Marc is getting a new car. That means we have been to the dealership several times with children in tow. The dealership, thankfully, has a great play area, friendly staff, popcorn, peanuts and soda. Marc let the boys have a snack and some sprite so that if they spilled it wouldn't stain. David John asked for rootbeer, which happened to be the caffeinated variety Barqs. Marc replied, "Sorry David John, the last thing I would give you is rootbeer." David John took it surprisingly well. As we were leaving the dealership, however, David John piped up, "Dad, what about my rootbeer? You said the last thing you would give me is rootbeer and now this is the last thing."

David John has a love affair with giant marshmallows. One day, he was explaining the difficulties of me having a bag of giant marshmallows in the cupboard. "I know the smarshallows are there and the smarshmallows contract me to steal them and eat them. The contraction might last forever!"
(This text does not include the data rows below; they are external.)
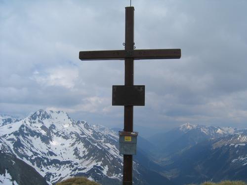 | Beim Gipfelkreuz auf der Hornfeldspitze - Blick über das Großsölktal Richtung Ennstal. Links das Deneck. |
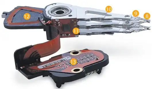 Все начинается с подачи питания (1) на шпиндельный двигатель с помощью специальных контактов (5). Микропроцессор контроллера (3) посылает команды драйверу актуатора (6). Магнитные головки (8) считывают информацию с пластины, вращающейся с большой скоростью (они «парят» над ней за счет возникающей воздушной подушки). Точное позиционирование головок над поверхностью дисков обеспечивают подвеска (9) и штанги (10), а передвижение осуществляется с помощью магнитной катушки актуатора (12). Полученные данные проходят через усилитель (11) и по шлейфу (13) поступают на плату контроллера к контактам (7). После чего обрабатываются в микропроцессоре (3), а в качестве буферной памяти выступает кэш (2). Интерфейсный разъем SATA (4) служит для получения запросов от SATA-контроллера материнской платы и передачи данных.
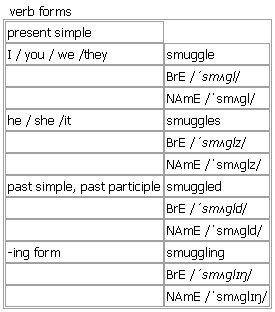 smug·gle [smugglesmugglessmuggledsmuggling] BrE [ˈsmʌɡl] NAmE [ˈsmʌɡl] verb ~ sth/sb (+ adv./prep.) to take, send or bring goods or people secretly and illegally into or out of a country, etc •They were caught smuggling diamonds into the country. •He managed to smuggle a gun into the prison. •smuggled drugs •We do not yet know how the bomb was smuggled abroad. Verb forms:
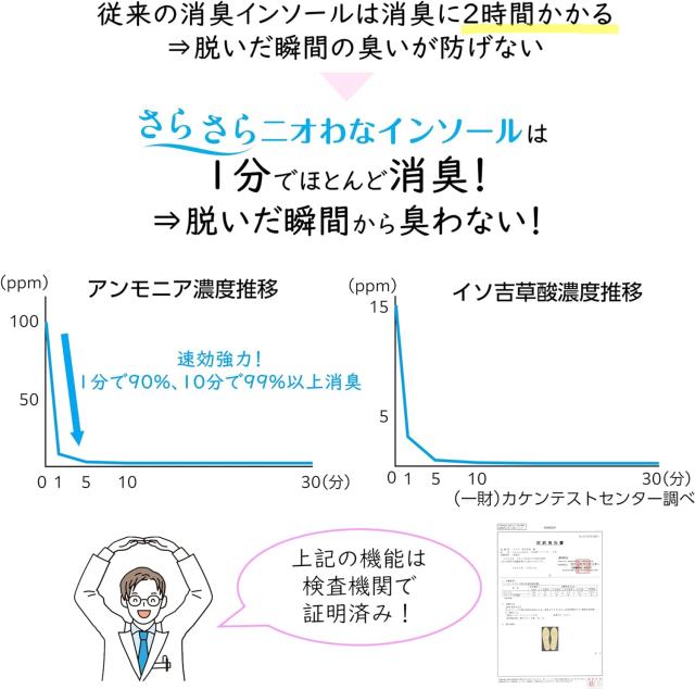 消臭機能:足臭の原因であるアンモニアを1分で95%、10分で99%消臭。イソ吉草酸も97%以上消臭。
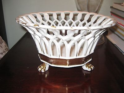 Title (ebay affiliate link): Old Paris Porcelain French Corbeille Reticulated Basket with Paw Feet NR
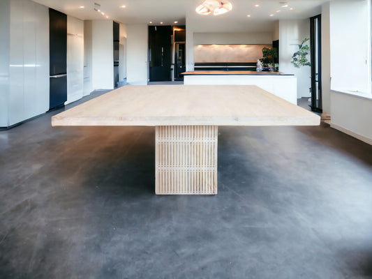 Ivory Square Solid Wood Pedestal Base Dining Table
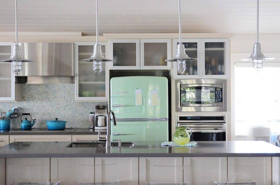 Дизайнеры экспериментируют с разными стилями и делают холодильник ярким акцентом. Интересно выглядит дизайн маленькой кухни с синим холодильником в стиле хай-тек или дизайнерский агрегат в ретро-стиле.
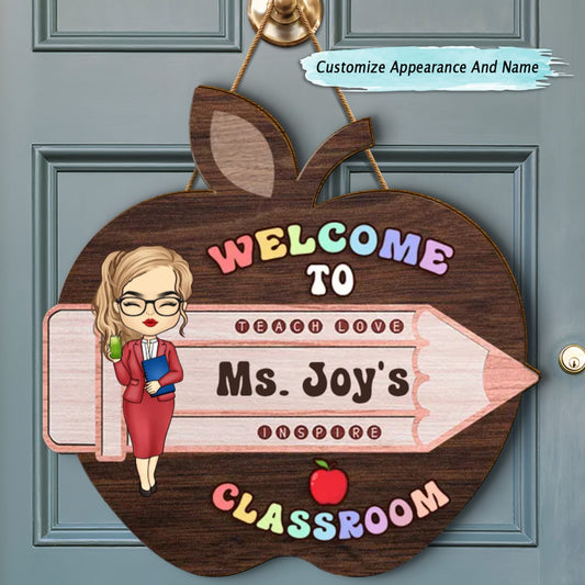 Teacher - Welcome To My Classroom - Personalized Shaped Wood Sign
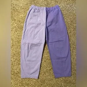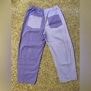 Verity & Daughters Janus Pants in red/pink. Contrasting rear pockets. This is the style without front or side seam pockets. Barrel leg silhouette. Elastic Waist.
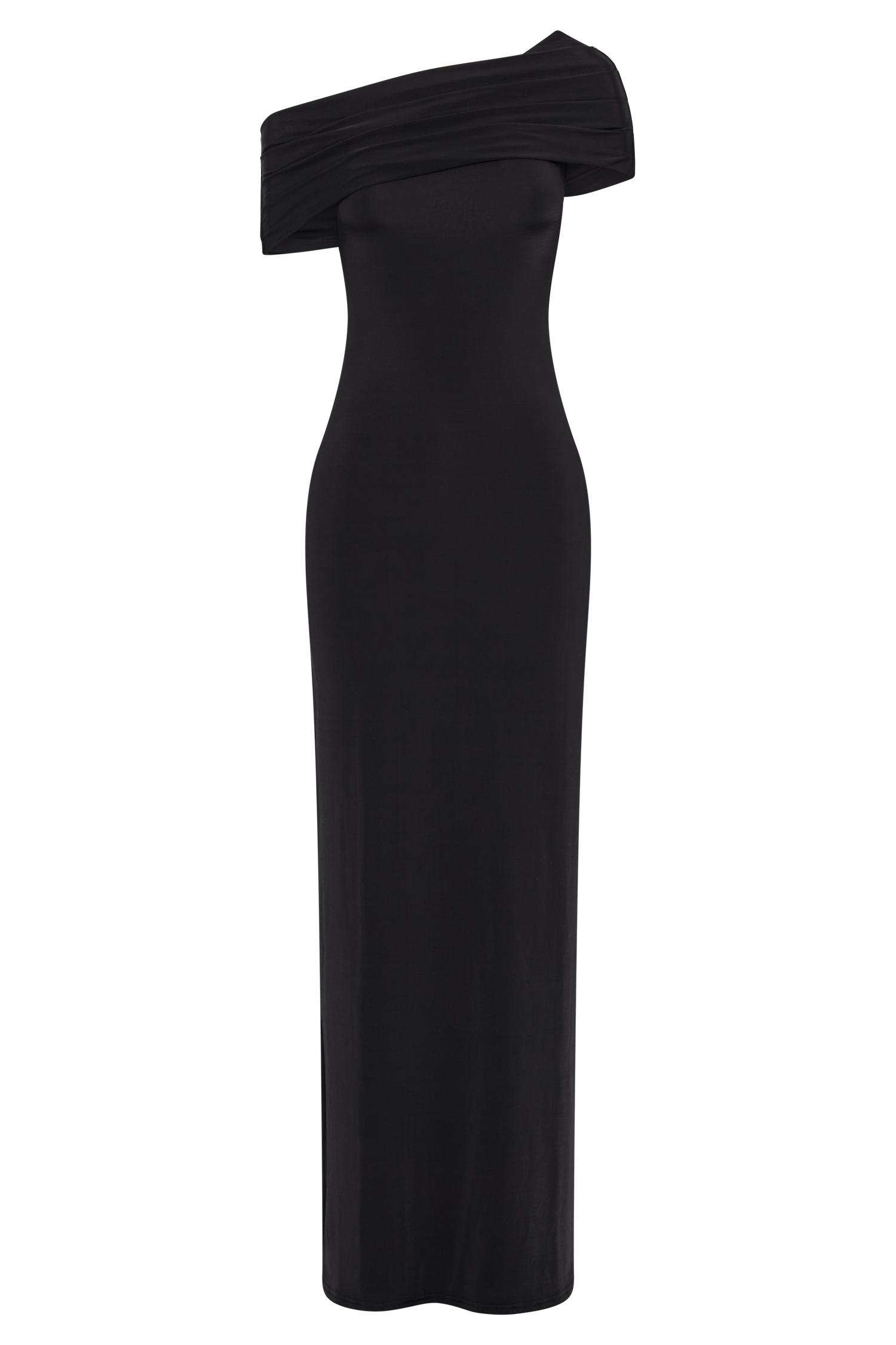 Cassandra Off Shoulder Slinky Maxi Dress - Black Product Image
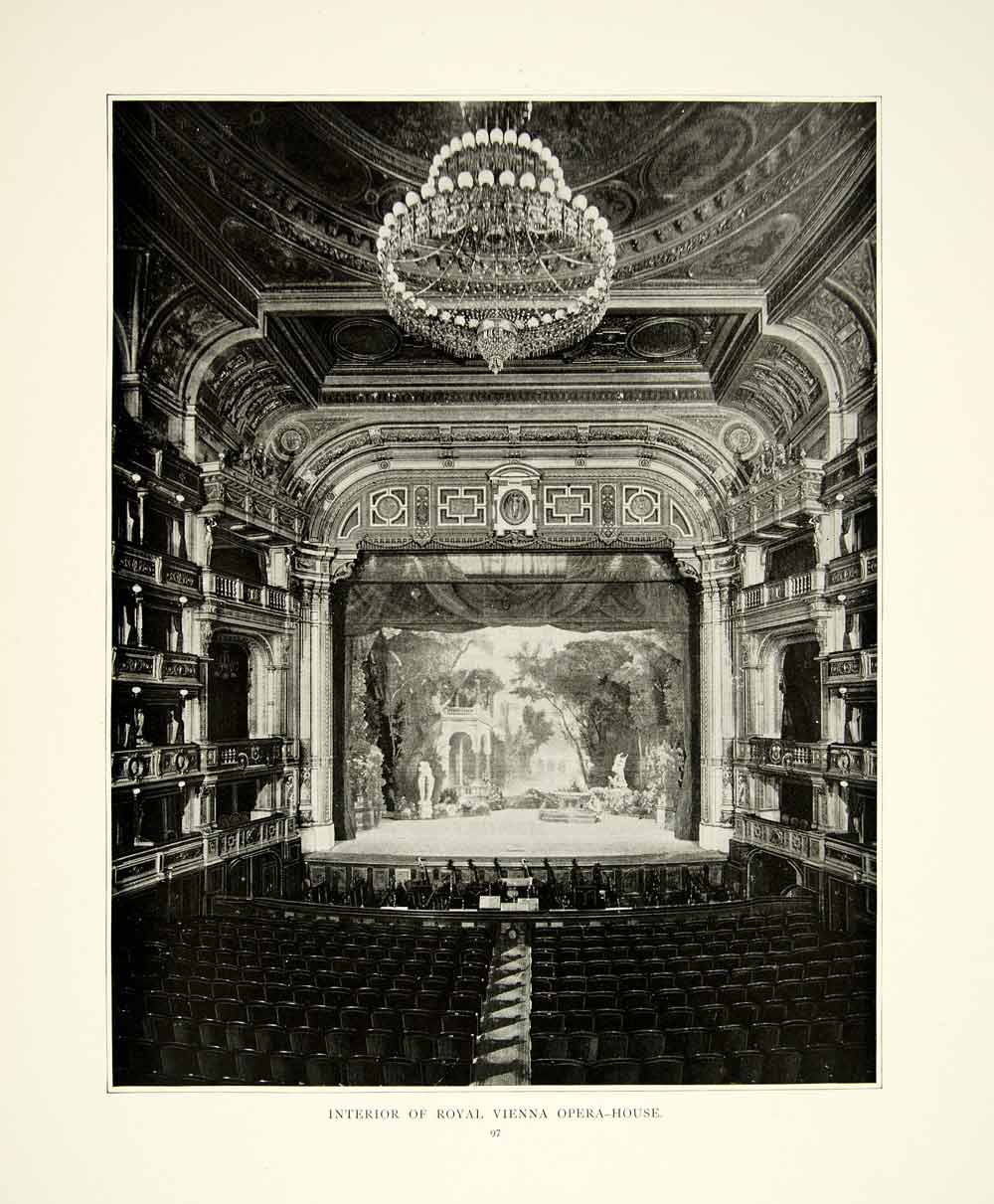 This is an original 1895 black and white halftone print that depicts the interior of Royal Vienna Opera-House in Austria.
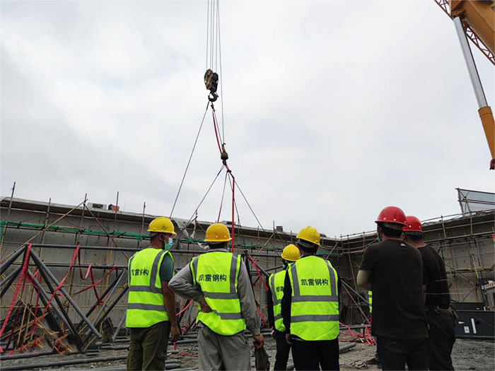 4、球形网架支座预埋件安康施工时应采取措施,保证预埋件的位置、标高及平整度的准确。
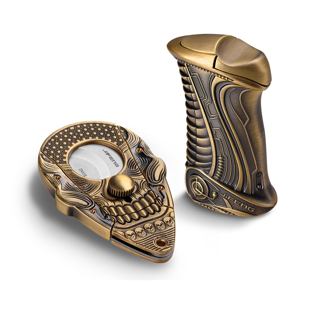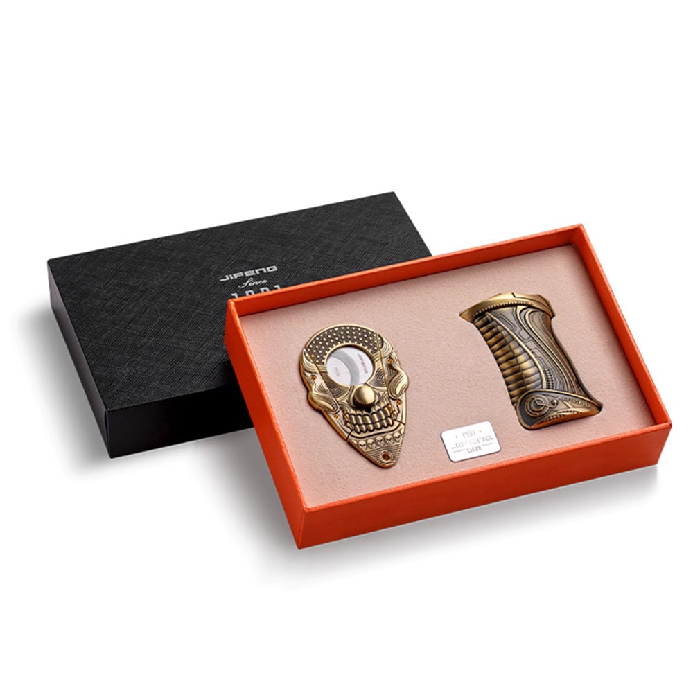 Ένα πολύ όμορφο σετ για κάθε καπνιστή πούρου! Αποτελείται από ένα μεταλλικό αναπτήρα jet με μονή φλόγα εξαιρετικής ποιότητας και design και ένα μεταλλικό πουροκόπτη γκιλοτίνα. Ένα εξαιρετικό δώρο για κάθε καπνιστή!
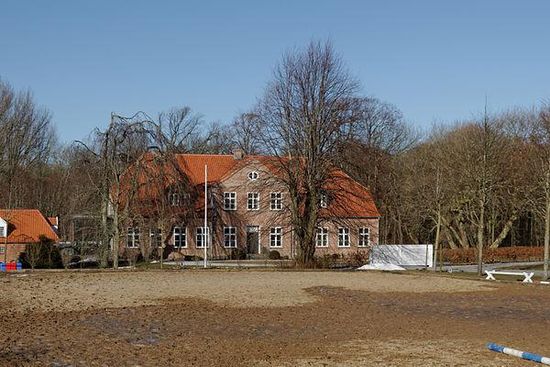 Das damalige Stvibu auf dem heutigen Gebiet des Gutes soll bereits im Jahre 1197 bestanden und zum Michaeliskloster in Schleswig gehört haben. Später war es eine bischöfliche Burg, die wahrscheinlich südwestlich des heutigen Standorts lag. Die Burg, mit dem Namen Castrum, wurde mehrmals geplündert und zerstört, so in den Jahren 1410 und 1417. Die Bischofsburg wurde danach wieder aufgebaut. 1539 wurde die Burg von der Familie Ahlefeld auf Saxdorf gekauft. Im Jahre 1646 kaufte Benedikt Pogwisch das Gut. Die Besitzer wechselten dann mehrmals, 1914 kaufte es Peter Kruse. Seit 2005 gehört das Gut dem Reeder und Unternehmer Dr. Bernd Kortüm.

David John couldn't find the magnets, so he just drew a picture with a permanent marker and hung it on his wall for decoration. It totally looks like that little guy is swearing up a storm comicstrip-style. I asked David John what the guy was saying. He replied, "I haven't decided yet."
Benjamin is not the best at apologizing so Marc was modeling an apology for Benjamin, using David John as his role play partner. David John got confused, however, and asked Marc, "Wait, why are you apologizing? What did you to do me?"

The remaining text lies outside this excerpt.